─── DATA EXTRACTS

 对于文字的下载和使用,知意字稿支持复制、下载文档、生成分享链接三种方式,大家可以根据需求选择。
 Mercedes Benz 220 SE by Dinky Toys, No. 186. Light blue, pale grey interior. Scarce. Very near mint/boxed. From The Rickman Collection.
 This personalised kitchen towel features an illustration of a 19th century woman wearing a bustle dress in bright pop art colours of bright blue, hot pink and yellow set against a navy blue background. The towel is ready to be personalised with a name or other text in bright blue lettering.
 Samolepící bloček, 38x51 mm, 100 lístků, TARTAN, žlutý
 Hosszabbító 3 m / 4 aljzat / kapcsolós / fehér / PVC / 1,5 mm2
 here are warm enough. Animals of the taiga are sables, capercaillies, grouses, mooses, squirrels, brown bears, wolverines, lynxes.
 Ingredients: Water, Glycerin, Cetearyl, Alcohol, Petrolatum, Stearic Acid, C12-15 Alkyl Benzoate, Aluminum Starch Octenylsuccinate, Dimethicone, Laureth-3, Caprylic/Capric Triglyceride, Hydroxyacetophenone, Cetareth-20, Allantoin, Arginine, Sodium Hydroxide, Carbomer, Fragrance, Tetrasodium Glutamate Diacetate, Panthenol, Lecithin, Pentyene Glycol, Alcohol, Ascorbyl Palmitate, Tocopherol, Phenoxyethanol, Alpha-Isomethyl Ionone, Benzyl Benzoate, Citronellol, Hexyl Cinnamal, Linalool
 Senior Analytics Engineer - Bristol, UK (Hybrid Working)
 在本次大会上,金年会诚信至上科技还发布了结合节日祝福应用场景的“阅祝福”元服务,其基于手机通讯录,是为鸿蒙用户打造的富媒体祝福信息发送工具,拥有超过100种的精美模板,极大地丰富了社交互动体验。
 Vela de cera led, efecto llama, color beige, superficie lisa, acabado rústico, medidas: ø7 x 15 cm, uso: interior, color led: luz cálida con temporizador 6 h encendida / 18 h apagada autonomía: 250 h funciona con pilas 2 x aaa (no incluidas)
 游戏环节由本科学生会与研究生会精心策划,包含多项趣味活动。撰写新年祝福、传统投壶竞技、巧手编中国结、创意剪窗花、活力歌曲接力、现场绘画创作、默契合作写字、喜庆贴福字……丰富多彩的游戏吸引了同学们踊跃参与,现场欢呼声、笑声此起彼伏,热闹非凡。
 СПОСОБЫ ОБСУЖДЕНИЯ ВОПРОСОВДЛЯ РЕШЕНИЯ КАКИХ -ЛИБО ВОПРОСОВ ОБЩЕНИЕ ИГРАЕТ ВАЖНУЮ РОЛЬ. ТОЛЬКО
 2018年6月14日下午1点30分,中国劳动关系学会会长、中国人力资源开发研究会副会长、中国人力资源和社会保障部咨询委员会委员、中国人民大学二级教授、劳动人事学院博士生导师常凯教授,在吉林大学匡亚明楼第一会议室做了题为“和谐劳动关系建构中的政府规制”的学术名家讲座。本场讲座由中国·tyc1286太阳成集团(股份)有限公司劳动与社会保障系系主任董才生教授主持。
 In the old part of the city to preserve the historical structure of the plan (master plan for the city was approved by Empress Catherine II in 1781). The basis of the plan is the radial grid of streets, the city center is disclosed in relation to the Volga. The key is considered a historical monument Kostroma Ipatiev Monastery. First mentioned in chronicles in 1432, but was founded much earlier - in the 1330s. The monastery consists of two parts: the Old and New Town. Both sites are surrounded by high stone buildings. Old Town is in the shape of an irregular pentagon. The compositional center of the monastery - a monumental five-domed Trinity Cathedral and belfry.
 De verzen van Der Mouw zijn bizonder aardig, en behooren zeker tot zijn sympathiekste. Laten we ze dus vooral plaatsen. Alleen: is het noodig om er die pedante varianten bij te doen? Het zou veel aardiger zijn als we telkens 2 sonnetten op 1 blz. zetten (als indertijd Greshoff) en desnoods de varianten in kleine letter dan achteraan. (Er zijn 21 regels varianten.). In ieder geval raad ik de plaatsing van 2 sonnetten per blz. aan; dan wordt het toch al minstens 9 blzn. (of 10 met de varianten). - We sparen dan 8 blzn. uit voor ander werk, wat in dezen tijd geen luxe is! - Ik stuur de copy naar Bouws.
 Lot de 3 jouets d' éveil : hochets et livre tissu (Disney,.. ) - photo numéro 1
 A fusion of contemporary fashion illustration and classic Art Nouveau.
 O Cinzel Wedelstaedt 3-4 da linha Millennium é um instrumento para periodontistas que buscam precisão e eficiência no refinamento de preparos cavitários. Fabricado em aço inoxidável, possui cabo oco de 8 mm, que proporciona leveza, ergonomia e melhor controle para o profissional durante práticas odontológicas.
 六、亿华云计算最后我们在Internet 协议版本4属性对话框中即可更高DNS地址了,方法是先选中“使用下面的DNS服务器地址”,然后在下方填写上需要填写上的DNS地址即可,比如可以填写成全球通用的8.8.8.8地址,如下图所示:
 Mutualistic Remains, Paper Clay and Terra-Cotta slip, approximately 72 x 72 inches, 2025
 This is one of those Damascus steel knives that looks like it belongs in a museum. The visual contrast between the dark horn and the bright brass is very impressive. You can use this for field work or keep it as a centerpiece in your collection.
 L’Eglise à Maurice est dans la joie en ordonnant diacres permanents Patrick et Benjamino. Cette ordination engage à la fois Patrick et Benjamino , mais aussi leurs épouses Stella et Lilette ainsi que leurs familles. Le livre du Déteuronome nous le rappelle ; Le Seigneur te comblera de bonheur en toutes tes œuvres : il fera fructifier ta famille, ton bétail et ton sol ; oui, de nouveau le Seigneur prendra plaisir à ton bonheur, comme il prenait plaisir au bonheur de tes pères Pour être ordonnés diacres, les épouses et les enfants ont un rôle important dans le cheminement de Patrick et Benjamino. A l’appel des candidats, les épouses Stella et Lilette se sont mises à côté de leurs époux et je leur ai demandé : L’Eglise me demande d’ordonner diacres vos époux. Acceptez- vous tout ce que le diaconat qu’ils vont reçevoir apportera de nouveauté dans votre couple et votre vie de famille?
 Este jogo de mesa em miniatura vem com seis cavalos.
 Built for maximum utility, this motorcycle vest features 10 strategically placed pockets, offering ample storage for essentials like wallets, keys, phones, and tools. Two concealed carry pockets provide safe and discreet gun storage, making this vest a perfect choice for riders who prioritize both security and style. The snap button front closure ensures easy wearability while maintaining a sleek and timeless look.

──────

# PROBLEM TO SOLVE
Please give back the records exactly as written, beginning at the first line and including the line that holds "СПОСОБЫ ОБСУЖДЕНИЯ ВОПРОСОВДЛЯ" as the last.

# WORKED SOLUTION
 对于文字的下载和使用,知意字稿支持复制、下载文档、生成分享链接三种方式,大家可以根据需求选择。
 Mercedes Benz 220 SE by Dinky Toys, No. 186. Light blue, pale grey interior. Scarce. Very near mint/boxed. From The Rickman Collection.
 This personalised kitchen towel features an illustration of a 19th century woman wearing a bustle dress in bright pop art colours of bright blue, hot pink and yellow set against a navy blue background. The towel is ready to be personalised with a name or other text in bright blue lettering.
 Samolepící bloček, 38x51 mm, 100 lístků, TARTAN, žlutý
 Hosszabbító 3 m / 4 aljzat / kapcsolós / fehér / PVC / 1,5 mm2
 here are warm enough. Animals of the taiga are sables, capercaillies, grouses, mooses, squirrels, brown bears, wolverines, lynxes.
 Ingredients: Water, Glycerin, Cetearyl, Alcohol, Petrolatum, Stearic Acid, C12-15 Alkyl Benzoate, Aluminum Starch Octenylsuccinate, Dimethicone, Laureth-3, Caprylic/Capric Triglyceride, Hydroxyacetophenone, Cetareth-20, Allantoin, Arginine, Sodium Hydroxide, Carbomer, Fragrance, Tetrasodium Glutamate Diacetate, Panthenol, Lecithin, Pentyene Glycol, Alcohol, Ascorbyl Palmitate, Tocopherol, Phenoxyethanol, Alpha-Isomethyl Ionone, Benzyl Benzoate, Citronellol, Hexyl Cinnamal, Linalool
 Senior Analytics Engineer - Bristol, UK (Hybrid Working)
 在本次大会上,金年会诚信至上科技还发布了结合节日祝福应用场景的“阅祝福”元服务,其基于手机通讯录,是为鸿蒙用户打造的富媒体祝福信息发送工具,拥有超过100种的精美模板,极大地丰富了社交互动体验。
 Vela de cera led, efecto llama, color beige, superficie lisa, acabado rústico, medidas: ø7 x 15 cm, uso: interior, color led: luz cálida con temporizador 6 h encendida / 18 h apagada autonomía: 250 h funciona con pilas 2 x aaa (no incluidas)
 游戏环节由本科学生会与研究生会精心策划,包含多项趣味活动。撰写新年祝福、传统投壶竞技、巧手编中国结、创意剪窗花、活力歌曲接力、现场绘画创作、默契合作写字、喜庆贴福字……丰富多彩的游戏吸引了同学们踊跃参与,现场欢呼声、笑声此起彼伏,热闹非凡。
 СПОСОБЫ ОБСУЖДЕНИЯ ВОПРОСОВДЛЯ РЕШЕНИЯ КАКИХ -ЛИБО ВОПРОСОВ ОБЩЕНИЕ ИГРАЕТ ВАЖНУЮ РОЛЬ. ТОЛЬКО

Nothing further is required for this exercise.